Content Marketing: Understanding the Distributed Media Economy
Back in February, Facebook announced that they were widening the availability of Instant Articles to all publishers. Instant Articles, are posts created and hosted within Facebook, optimized for consumption on the platform, with faster load times and custom presentation features. And while some see it as just one new feature among many, it is in fact, set to become a game-changer for content strategies.
Welcome to the era of "Distributed Content"
The flow and use of digital information is rapidly evolving. In recent years, search engines, and even social networks, have supplanted media publisher websites as primary sources of online news.
The next step? The transition from a platform that shares publisher's links, to a platform that features publishers' full content.
The path is simple: content creates habits, habits bring users back to your platform and drive engagement on the site. And isn't engagement the Holy Grail for social networks who are always searching to monetize their services?
With this in mind, Silicon Valley giants have been multiplying their initiatives on this front: Apple News, Google AMP, Linkedin Pulse, Twitter "Beyond 10K".
In this new landscape, Instant Articles could well mark a turning point. The reason? Zuckerberg's social network now has more than 1.71 billion monthly active users. With that staggering amount of support and reach, Facebook has the capacity to democratize very large scale new usages, and change consumption habits very quickly.

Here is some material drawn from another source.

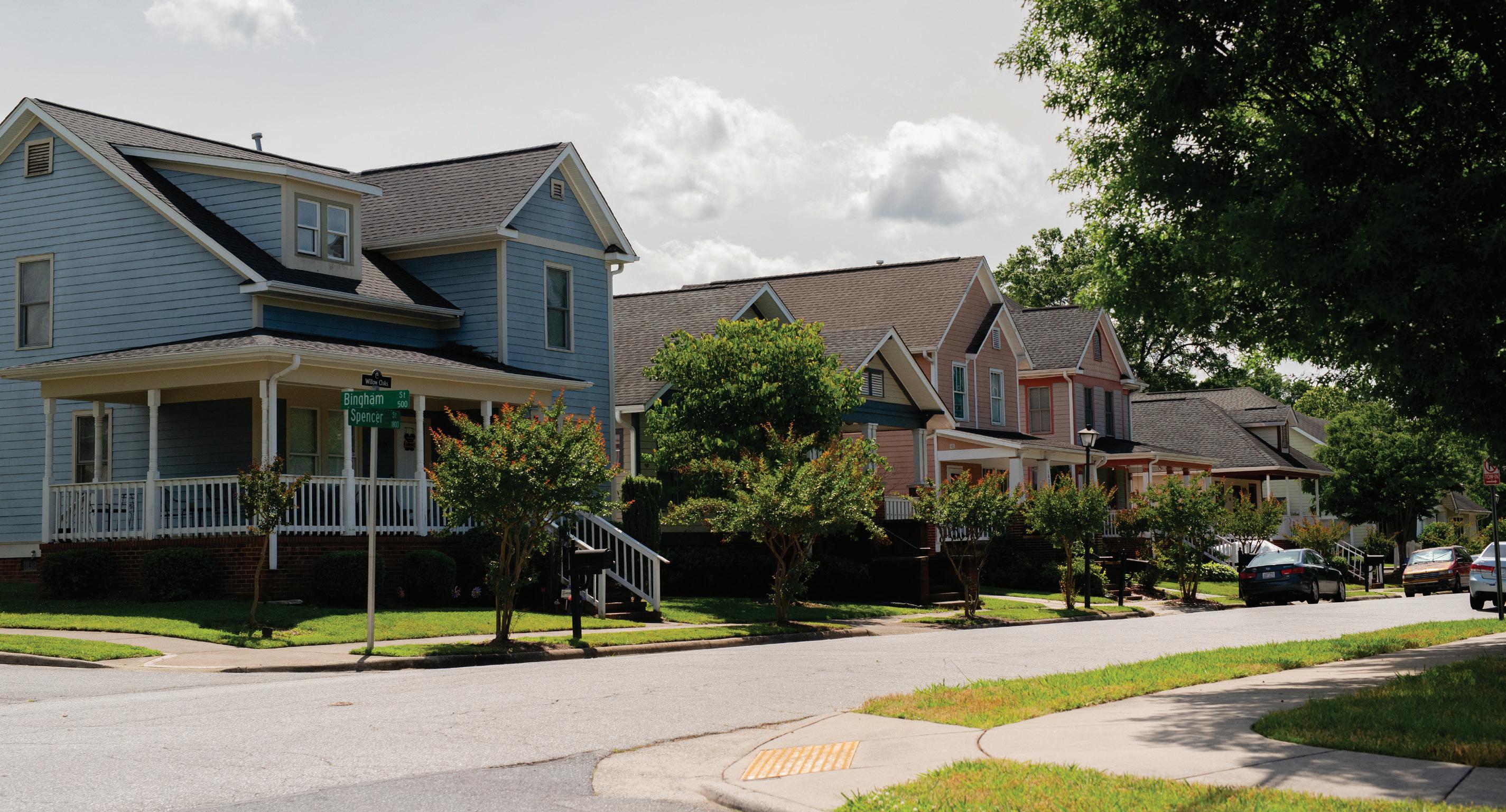 Spencer Street draws a stark line between the bright and modern townhomes of Willow Oaks and the older houses and apartments across the way.

Seeking optimized experience for multiplied engagement
Instant Articles gives content producers a broad array of tools to optimize and significantly enrich their articles on mobile.
- Responsive interface
- Autoplay videos
- Voice of the author subtitled
- High resolution photos
- 3D drawings
"Player side" is an intuitive, immersive experience through Facebook Instant Articles. It allows users to "Like", comment (even on photos and videos within a post), or share snippets of text. And with so many active users, the potential reach of such content is likely very significant. Of course, content managers are drooling at the possibilities.
But that's not all. Beyond their billion-plus users, Facebook has another heavyweight asset - its algorithm. Users will have articles targeted to them based on their tastes and interests. And with more content being read on platform, that gives Facebook more data to better match users with the material they'll most want to see. Eventually, ths could see brands writing specifically for Facebook's News Feed algorithm in order to maximize their engagement.
With ROI analysis capabilities, brands can choose to use Instant Articles Facebook to develop their brand awareness, generate leads, and drive sales via the mobile channel. Depending upon their objectives, creative brands may use the Instant Articles in two ways: to leverage the visibility of the content that powers the "top of the funnel", OR to attract readers to their landing pages and product pages via smart calls-to-action.
Distributed Content: What are your options?
Brands and content managers need to understand that the business landscape has shifted.
As illustrated in the following graphic, content distribution used to be quite simple. Media and brands would publish on their website and/or blog and this would then be shared on social networks.
Now, the landscape is far more fragmented as brands take a much more strategic approach.
Obviously brand and media can still publish on their website and blogs, but this is no longer the main channel. Some media, like AJ+, no longer publish on their website. Instead, they optimize their content for each social media platform they employ. But news publishers aren't the only ones reconsidering their content distribution options. Many influential brands are making the leap as well. Slack, for instance, has abandoned their on-site blog in favor of Medium. They cited significantly more views in the past 90 days on Medium than the previous 18 months on their blogs as the logic behind the move.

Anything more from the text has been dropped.